Mrs Daniella Demmer said in her witness statement that her father had suffered a stroke in 2001 which affected his speech and memory with the result that it takes him a long time to remember things; his speech is slow and his concentration can be affected. He had not talked about his work at British Rail when she was growing up. She had only known him doing driving jobs so neither she or he could immediately think where he might have been exposed to asbestos when he first got ill. To help him remember his work at British Rail she showed him old maps and photos. Mrs Demmer did not give evidence at trial, on medical advice so was not cross examined.

Mr Smith’s medical records

24.

I was taken to extracts from Mr Smith’s medical records, including a letter dated 8th December 2015 from Dr Birring, a consultant respiratory physician at Guys and St Thomas’s Hospital. The letter records Mr Smith as saying he was not aware of any exposure to asbestos during his working career and that he had worked as a carpenter and a glazier on trains.

British Rail documentation

25.

Both parties sought to rely on British Rail documentation which post-dated the period of Mr Smith’s employment but which was said by both sides to cast light on working arrangements during the period of his employment. In particular: a 1966 memorandum produced by British Rail’s medical department titled ‘Asbestos hazards in British railway workshops’; a 1972 memorandum titled ‘Notes of a Meeting held at Southern House, Croydon, on Monday 5th June 1972 to discuss blue asbestos insulation in Coaches at Regional Repair Depots’; a 1974 memorandum titled ‘Blue Asbestos’; and a 1976 memorandum titled ‘Blue Asbestos: Protection of Staff in Depots’.

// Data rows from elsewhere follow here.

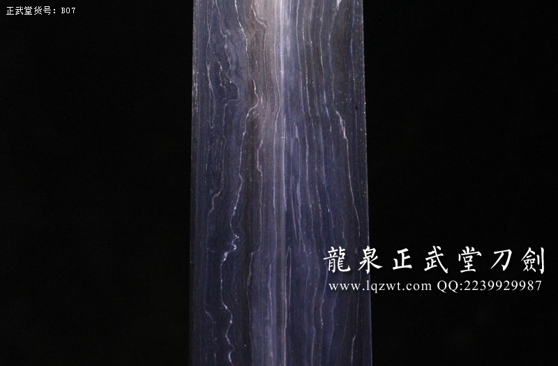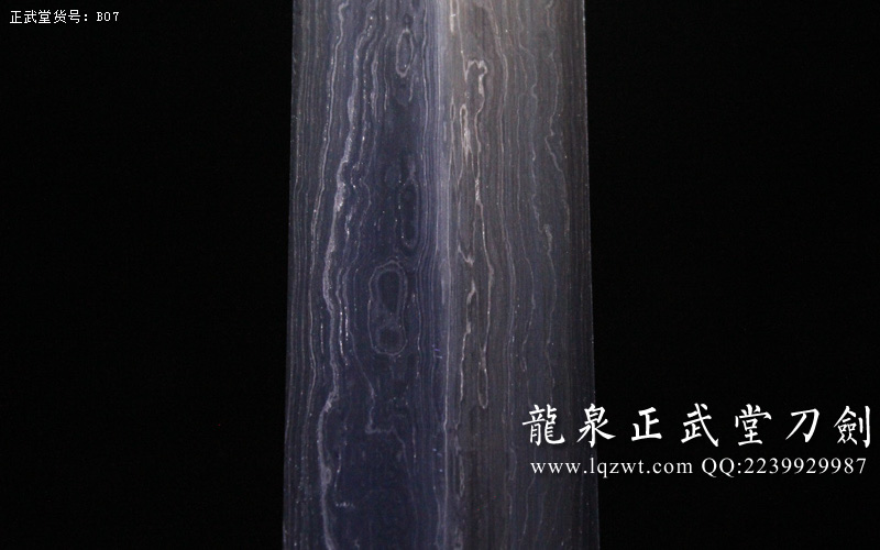 作品鍛造工藝說(shuō)明:折疊鍛打2000余層,夾鋼復(fù)合,劍刃采用一般研磨工藝,硬度:56度。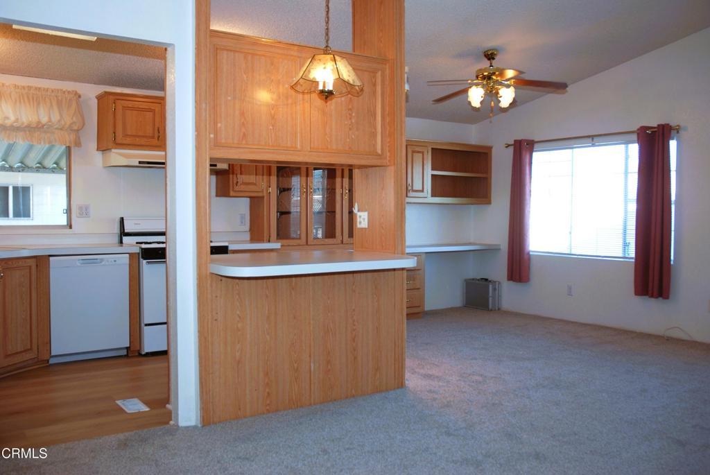 Super comfortable home in Camarillo's friendliest park! Home is located on a quiet cul-de-sac and features vaulted ceilings, skylights and drywall interior walls. New carpet, new paint, professionally cleaned. Beautiful oak kitchen cabinets and breakfast bar with etched glass panes. Office/Hobby room opens into a roomy living room full of natural lighting. Breakfast nook with ceiling fan opens to the kitchen with appliances included. stroll down the Hallway to your own Laundry Room with washer and dryer included. Hall Bathroom with tub and shower across from separate bedroom. Primary Bedroom has its own bath with low entry lip and shower. Park includes clubhouse with kitchen, pool, spa, R.V. storage and car wash bays for all you do-it-your-selfers! Home was built in 1993 so lender requirements are much easier than older homes. Come enjoy one of Ventura Counties best kept secrets!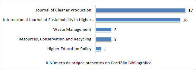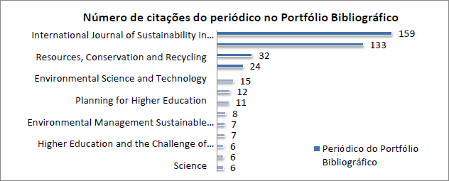 No que diz respeito aos periódicos que publicaram os artigos citados nas referências do portfólio, do mesmo modo que o trabalho de Chaves et al. (2013), os que mais se destacaram foram o International Journal of Sustainability in Higher Education e o Journal of Cleaner Production com grande vantagem sobre os demais, reafirmando a concepção de serem os mais expressivos para a temática da pesquisa.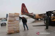 Sejumlah staf memindahkan bantuan kemanusiaan di Bandara Militer Marka, Amman, Yordania, Rabu (8/2/2023). Yordania pada Selasa (7/2/2023) mengirimkan bantuan kemanusiaan serta tim penyelamat ke Suriah dan Turki guna membantu mencari korban selamat setelah gempa bumi dahsyat mengguncang kedua negara itu. ANTARA FOTO/Xinhua/Mohammad Abu Ghosh/rwa.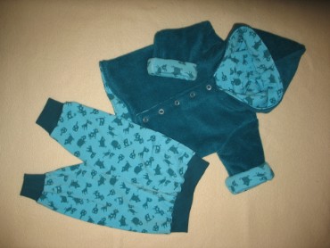 Die Kuschelhosen und Wendejacken fertige ich in den Grössen 50/56 bis 74/80 jeweils in Doppelgrössen. Die Kleidungsstücke fallen grosszügig aus. Hose: EUR 19,00 Wendejacke: EUR 29,00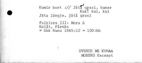 //// Kumir bort :// Jäta grasi, kuner //// ^ Kurt kui, kui //// Jäta längje, jätå grasi //// Folklore III: Mora 6 //// Kolåt, Fårnäs //// = Dbk Runa 1865:12 = 100:66 //// } //// DYBECK MS KVHAA //// MOBERG Excerpt ////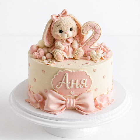 Торт на 2 года с зайчиком и бантом № 2201

A history of railway workshops

26.

The Experts drew on two studies of the history of railway workshops in Britain. They were; ‘The railway workshops of Britain 1823 to 1986’ published by Edgar J Larkin and John G Larkin and ‘An Illustrated history of British Railway Workshops’, also by Edgar Larkin. The former book describes the history of railway workshops as a sparsely documented field. It describes itself as an authoritative and well-documented history of the railway workshops in Britain, including the British Rail workshops.

Academic studies of asbestos exposure

27.

The trial bundle included a number of academic studies relied on by the

Experts, some of which I was taken to during the trial. These included: ‘Asbestos Dust Concentrations in Ship Repairing: A Practical Approach to

Improving Asbestos Hygiene in Naval Dockyards’ (PG Harries 1971); ‘Buildings insulated with Sprayed Asbestos: a potential hazard’ ((1971) K.P.S. Lumley, P. G. Harries and F. J. O’Kelly); ‘Extreme airborne asbestos concentrations in a public building’, (1992 Ganor, Fischbein, Brenner, Froom); and ‘Monitoring an asbestos spray process’, ((1975) J.W. Skidmore and J.S.P Jones).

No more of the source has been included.